━━ Extracted information
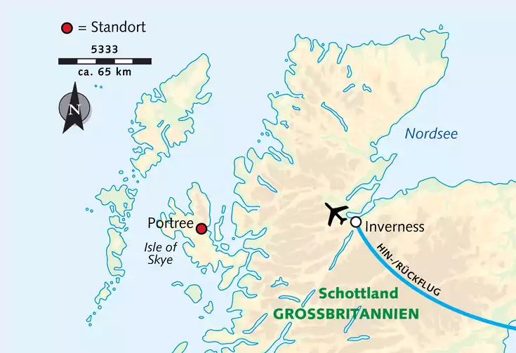 Flug nach Inverness. Transfer zu unserem Hotel in Portree auf der Isle of Skye (ca. 3 1/2 Std.).
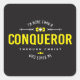 "More Than A Conqueror" Christian typography design badge. Type in emblem style with yellow and black letters states, "I'm more than a Conqueror through Christ who loved me." Scripture reference is from Romans 8:37.
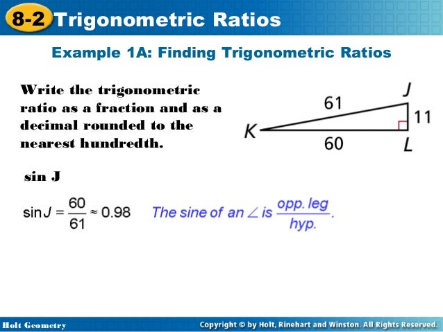 8 2 Trigonometric Ratios Holt Mcdougal Geometry Holt Geometry Ppt Video Online Download
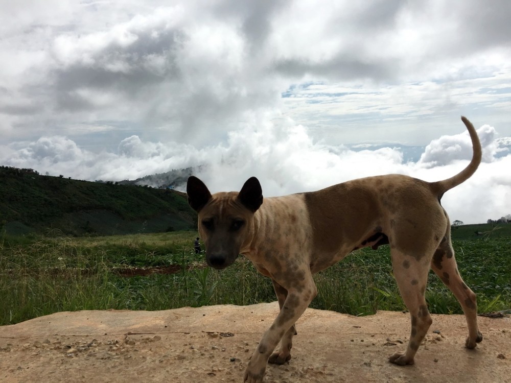 ถึงกับต้องลงมานั่งดูหมอกกับน้องหมา
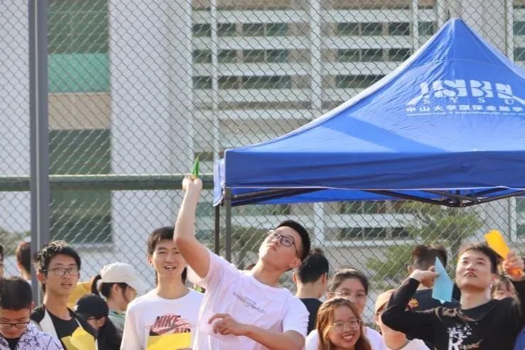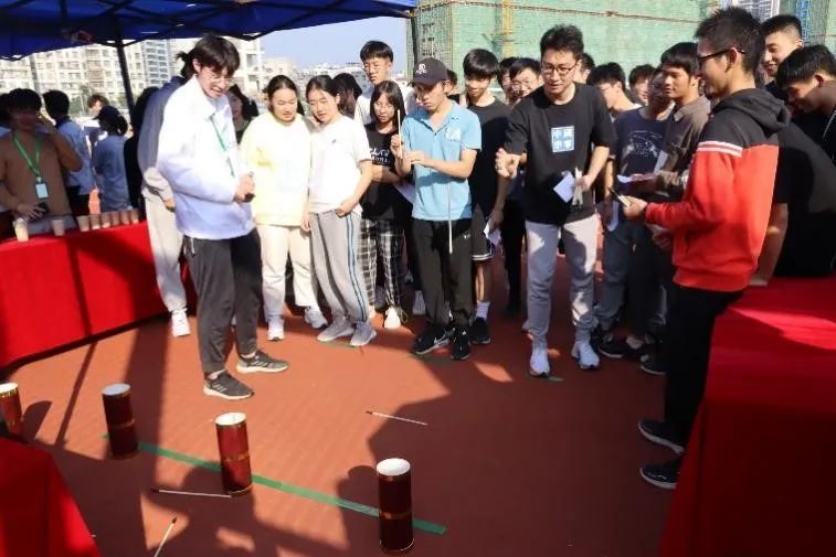 首先开展的是趣味个人赛和团体赛。每一个项目点都挤满了老师和同学。吹乒乓球、纸飞机、投壶、单车耐力赛,各摊位都时不时爆发出欢呼声。趣味性和挑战性兼具的比赛内容,让同学们都跃跃欲试。排队的同学迫不及待地翘首观望比赛现场,而闯关成功的同学则兴高采烈地分享自己的经验心得——“吹乒乓球,把那个杯子里的水加满,吹着就顺溜!”,“投壶,手要往前送!”......纸飞机项目则让师生们重温了童年的乐趣,各式各样彩纸卡纸折叠的飞机乘风起航,有的稳稳地飘过十米线,有的调皮地绕个弯“返航”回到起点;单车耐力赛中,平衡能力好的同学就占尽优势......丰富的项目妙趣横生,操场上不时传来师生们的欢笑声。
━━━━
### What you will do:
Could you return all of the entries above exactly, without any images?

### Response for this exercise:
 Flug nach Inverness. Transfer zu unserem Hotel in Portree auf der Isle of Skye (ca. 3 1/2 Std.).
 "More Than A Conqueror" Christian typography design badge. Type in emblem style with yellow and black letters states, "I'm more than a Conqueror through Christ who loved me." Scripture reference is from Romans 8:37.
 8 2 Trigonometric Ratios Holt Mcdougal Geometry Holt Geometry Ppt Video Online Download
 ถึงกับต้องลงมานั่งดูหมอกกับน้องหมา
 首先开展的是趣味个人赛和团体赛。每一个项目点都挤满了老师和同学。吹乒乓球、纸飞机、投壶、单车耐力赛,各摊位都时不时爆发出欢呼声。趣味性和挑战性兼具的比赛内容,让同学们都跃跃欲试。排队的同学迫不及待地翘首观望比赛现场,而闯关成功的同学则兴高采烈地分享自己的经验心得——“吹乒乓球,把那个杯子里的水加满,吹着就顺溜!”,“投壶,手要往前送!”......纸飞机项目则让师生们重温了童年的乐趣,各式各样彩纸卡纸折叠的飞机乘风起航,有的稳稳地飘过十米线,有的调皮地绕个弯“返航”回到起点;单车耐力赛中,平衡能力好的同学就占尽优势......丰富的项目妙趣横生,操场上不时传来师生们的欢笑声。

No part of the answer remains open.